Свободные люди. Диссидентское движение в рассказах участников — страница 49 из 59

Я ни в коем случае не одобряю того, что сделал, но, не пройдя через это, нельзя ничего понять, а тем более судить. И мне кажется, что диссидентская компания была довольно терпимой к падению другого. По крайней мере, отношение ко мне сильно не поменялось. А я в свою очередь жалею, что не продлил отношений с Петром Якиром, после того как он признал свою вину и дал показания.

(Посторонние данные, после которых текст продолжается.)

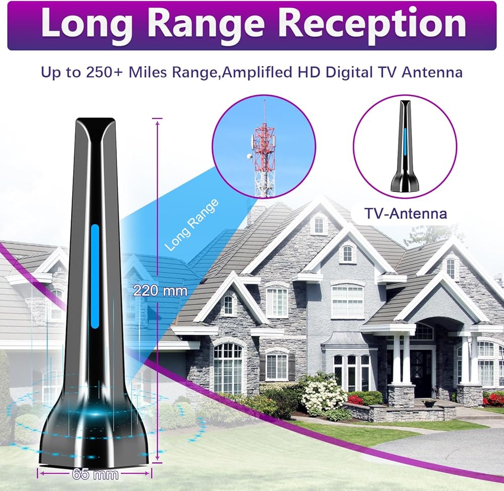 𝟯𝟲𝟬° 𝗟𝗼𝗻𝗴 𝗥𝗮𝗻𝗴𝗲 𝗥𝗲𝗰𝗲𝗽𝘁𝗶𝗼𝗻: يعمل هوائي التلفزيون الداخلي بزاوية 360 درجة لالتقاط إشارة أفضل، ويوفر نطاقًا إضافيًا يصل إلى 120 ميلًا وأقصى استقبال للإشارة للمزيد القنوات حتى وأنت بعيد عن أبراج البث. ستستمتع دائمًا بالبرامج التلفزيونية التي تحتوي على صور أكثر وضوحًا وسلاسة في أي وقت

Я довольно рано для себя сформулировал мысль, что Советский Союз долго не просуществует и вынужден будет распасться. У нас слишком большие территории, а человек не может уважать свою землю, пока она не станет именно его. Поэтому когда в декабре 1991 года все развалилось, для меня это не было неожиданностью и отношение мое не менялось. И когда я впервые вернулся в Россию в 1992 году, мне показалось, что люди стали свободнее и откровеннее. Чуть позже я, к сожалению, стал терять это чувство. Вокруг все стало больше напоминать именно те времена, из которых я уехал, особенно в учреждениях манера поведения, реакции людей были очень похожи.

Смысл диссидентского противостояния был не в том чтобы свергнуть советскую власть, так далеко я не заглядывал. Для меня мерой свободы был доступ к архивным источникам. Я не хочу преувеличивать значение диссидентского движения, я до конца еще не отрефлексировал. Но если бы сейчас все отмотать назад, лично я поступил бы точно так же, но поумнее. Молчать я бы все равно не смог.

Сергей Ходорович



Хрущевская оттепель раскачала общество. С одной стороны, у каждого появилась возможность узнать, а что же на самом деле вокруг происходит, попробовать это оценить. А с другой стороны, это ощущение, что ты ни на что не можешь повлиять, оно все равно оставалось.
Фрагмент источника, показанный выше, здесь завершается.